Education, career, and scientific contribution at a glance

David Samuel Miller was born on July 24, 1945 in Brooklyn, New York City and attended Abraham Lincoln High School in Brooklyn, NY (Fig. 1a). In 1966, David received his BS in Chemistry from the Brooklyn College, Brooklyn, New York. From 1967 until 1970, David pursued graduate studies in physical organic chemistry at the City University of New York. Shortly after, David joined Dr. Joseph Lerner’s laboratory at the University of Maine, Orono, Maine, as a Ph.D. student. During his thesis work, David also attended seminars at the Mount Desert Island Biological Laboratory (MDIBL), Salsbury Cove, Maine, where he was introduced to John Pritchard, who was a MDIBL post-doctoral fellow at that time. David obtained his Ph.D. in Biochemistry from the University of Maine in 1973 and accepted a post-doctoral position at MDIBL in the laboratory of Dr. William B. Kinter. From 1976–1978, David continued at MDIBL as an Associate Research Scientist and then from 1978–1981 as a Research Scientist (Fig. 1b–d). During this time, David met Joseph Fenstermacher, who worked on the diffusion of molecules within the brain extracellular space and blood–brain barrier properties in health and disease [4]. In 1981, David joined the Michigan Cancer Foundation in Detroit, MI as an Assistant Member in the Department of Physiology and Biophysics. He became Chief of the Laboratory of Metabolic Control in 1982. In 1985, John Pritchard recruited David to the NIEHS as an Expert Research Physiologist in the Laboratory of Cellular and Molecular Pharmacology working under Martin Rodbell, a 1994 Nobel Laureate in Physiology or Medicine. At the NIEHS, David advanced his scientific career and became PI and Head of the Intracellular Regulation Group in 1988, Chief of the Laboratory of Toxicology and Pharmacology and Director of the Environmental Toxicology Program in 2010, and ultimately served as the NIEHS Acting Scientific Director of Intramural Research 2010–2011 (Fig. 1e). David remained Senior Investigator and Head of the Intracellular Regulation Group until he officially retired in 2016.

(Courtesy Steve McCaw and David Miller; https://factor.niehs.nih.gov/2015/1/inside-bigpicture/index.htm)

David S. Miller. a David S. Miller in 2010. b David in his laboratory at the MDIBL. c Mount Desert Island Biological Laboratory, MDIBL, Salsbury Cove, Maine. d Door sign on David’s laboratory at the MDIBL. e David giving a presentation entitled “How Therapeutic Drugs and Nasty Chemicals Move Around Your Body (The good, the bad and the ugly)” as part of the NIEHS “Big Picture, Small Talk” seminar series December 9, 2014

Full size image

Scientific career—from chickens to regulatory pathways at the blood–brain barrier

Postdoctoral work until mid-1990s

Early post-doctoral and research scientist years at the Mount Desert Island Biological Laboratory

Notes from Larry Renfro: David joined the Kinter laboratory at MDIBL in 1973 as a postdoc, the year before I moved to the University of Connecticut, but that overlap was sufficient to cement a career long respect for and interaction with him [5,6,7,8,9]. David’s biochemistry background coupled with the amino acid transport work that he and Lerner did at the University of Maine prepared him perfectly for work with the Kinter group. As a result, he had an impressively productive post-doctoral period, foretelling the superb contributions in all the later years.
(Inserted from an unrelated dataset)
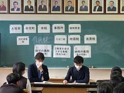 今日の2時間目に、財政局の方に来ていただき、租税教室の出前授業を行いました。

With William Kinter and David Peakall, David produced several papers on eggshell thinning in duck, including two Nature papers and one in Science [1, 2, 10,11,12]. Toxicity of the pesticide dichloro-diphenyltrichloroethane (DDT) to humans and animals was beginning to be understood by the mid-1940s. Subsequently, effects of DDT/DDE (dichlorodiphenyldichloroethylene) were directly linked to population declines in certain avian species, especially the raptors. Stickel’s 1975 [13] assertion that DDE was a potent inhibitor of eggshell thinning remains accurate today, and the underlying cause was shown by Miller et al. [2] in their classic Nature papers on the subject in 1975–1976 [1]. Their data showed that Ca²⁺-ATPase in the oviduct positively correlated with shell thickness. Whereas the shell gland Ca²⁺-ATPase activity was not particularly higher than in liver or kidney, it was far more sensitive to DDE. They found a cause-and-effect relationship strongly suggesting that DDE inhibited duck shell gland Ca²⁺-ATPase. Species sensitivity varies widely, but this work was a hallmark for in depth physiological and endocrinological understanding of the underlying causes of this environmental tragedy.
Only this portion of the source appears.